** Records for the task follows **

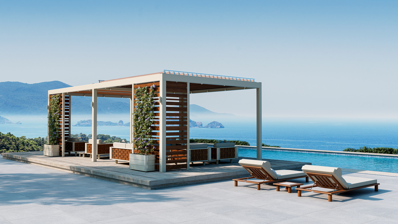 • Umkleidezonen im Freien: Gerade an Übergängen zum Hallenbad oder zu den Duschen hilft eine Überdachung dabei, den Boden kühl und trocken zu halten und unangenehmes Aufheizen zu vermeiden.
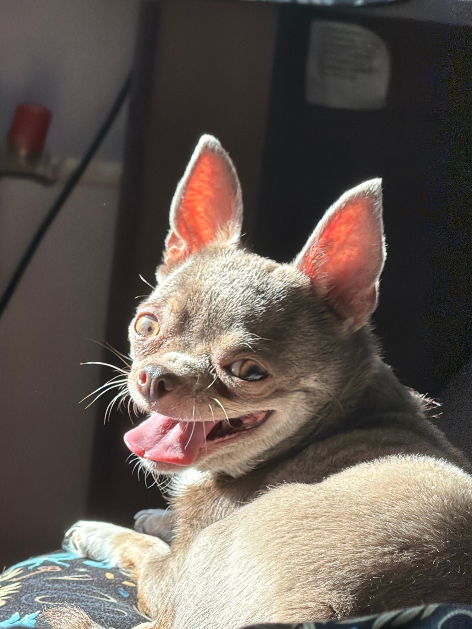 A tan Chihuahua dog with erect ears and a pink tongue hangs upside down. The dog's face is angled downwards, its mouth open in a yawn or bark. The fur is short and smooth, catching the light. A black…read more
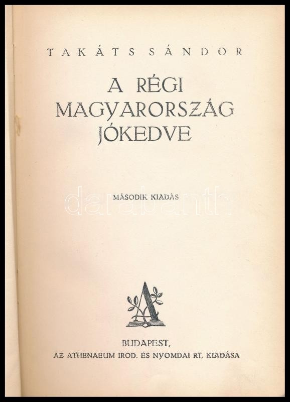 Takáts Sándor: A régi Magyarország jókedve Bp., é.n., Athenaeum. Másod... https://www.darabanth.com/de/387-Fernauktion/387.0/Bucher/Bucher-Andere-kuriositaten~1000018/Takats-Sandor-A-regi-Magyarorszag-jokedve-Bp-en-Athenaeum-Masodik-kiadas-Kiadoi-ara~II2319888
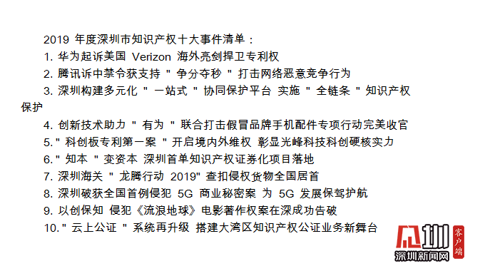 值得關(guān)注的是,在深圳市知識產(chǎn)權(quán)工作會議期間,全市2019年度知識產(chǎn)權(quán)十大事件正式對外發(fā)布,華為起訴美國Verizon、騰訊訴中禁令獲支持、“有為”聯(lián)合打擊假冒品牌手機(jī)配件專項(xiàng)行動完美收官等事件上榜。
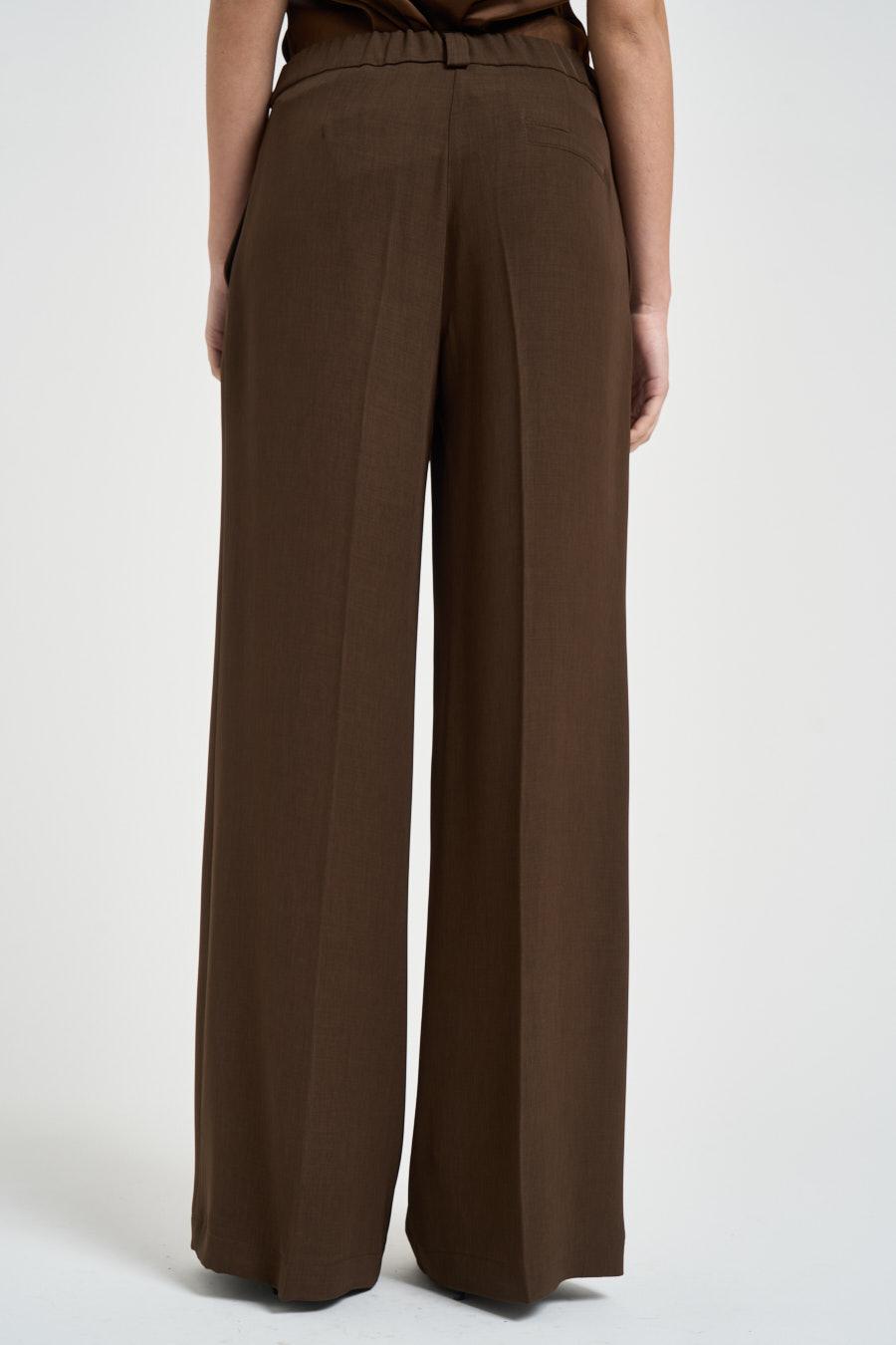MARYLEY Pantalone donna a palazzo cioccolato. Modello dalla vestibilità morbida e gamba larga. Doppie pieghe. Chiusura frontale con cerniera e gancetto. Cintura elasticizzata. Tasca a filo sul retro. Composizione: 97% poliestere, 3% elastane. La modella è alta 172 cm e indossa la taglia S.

** End of Records for the task **

> **Directions**: None of the pictures belong in the copy; transcribe the rest of the data exactly.

> **Response**:
 • Umkleidezonen im Freien: Gerade an Übergängen zum Hallenbad oder zu den Duschen hilft eine Überdachung dabei, den Boden kühl und trocken zu halten und unangenehmes Aufheizen zu vermeiden.
 A tan Chihuahua dog with erect ears and a pink tongue hangs upside down. The dog's face is angled downwards, its mouth open in a yawn or bark. The fur is short and smooth, catching the light. A black…read more
 Takáts Sándor: A régi Magyarország jókedve Bp., é.n., Athenaeum. Másod... https://www.darabanth.com/de/387-Fernauktion/387.0/Bucher/Bucher-Andere-kuriositaten~1000018/Takats-Sandor-A-regi-Magyarorszag-jokedve-Bp-en-Athenaeum-Masodik-kiadas-Kiadoi-ara~II2319888
 值得關(guān)注的是,在深圳市知識產(chǎn)權(quán)工作會議期間,全市2019年度知識產(chǎn)權(quán)十大事件正式對外發(fā)布,華為起訴美國Verizon、騰訊訴中禁令獲支持、“有為”聯(lián)合打擊假冒品牌手機(jī)配件專項(xiàng)行動完美收官等事件上榜。
MARYLEY Pantalone donna a palazzo cioccolato. Modello dalla vestibilità morbida e gamba larga. Doppie pieghe. Chiusura frontale con cerniera e gancetto. Cintura elasticizzata. Tasca a filo sul retro. Composizione: 97% poliestere, 3% elastane. La modella è alta 172 cm e indossa la taglia S.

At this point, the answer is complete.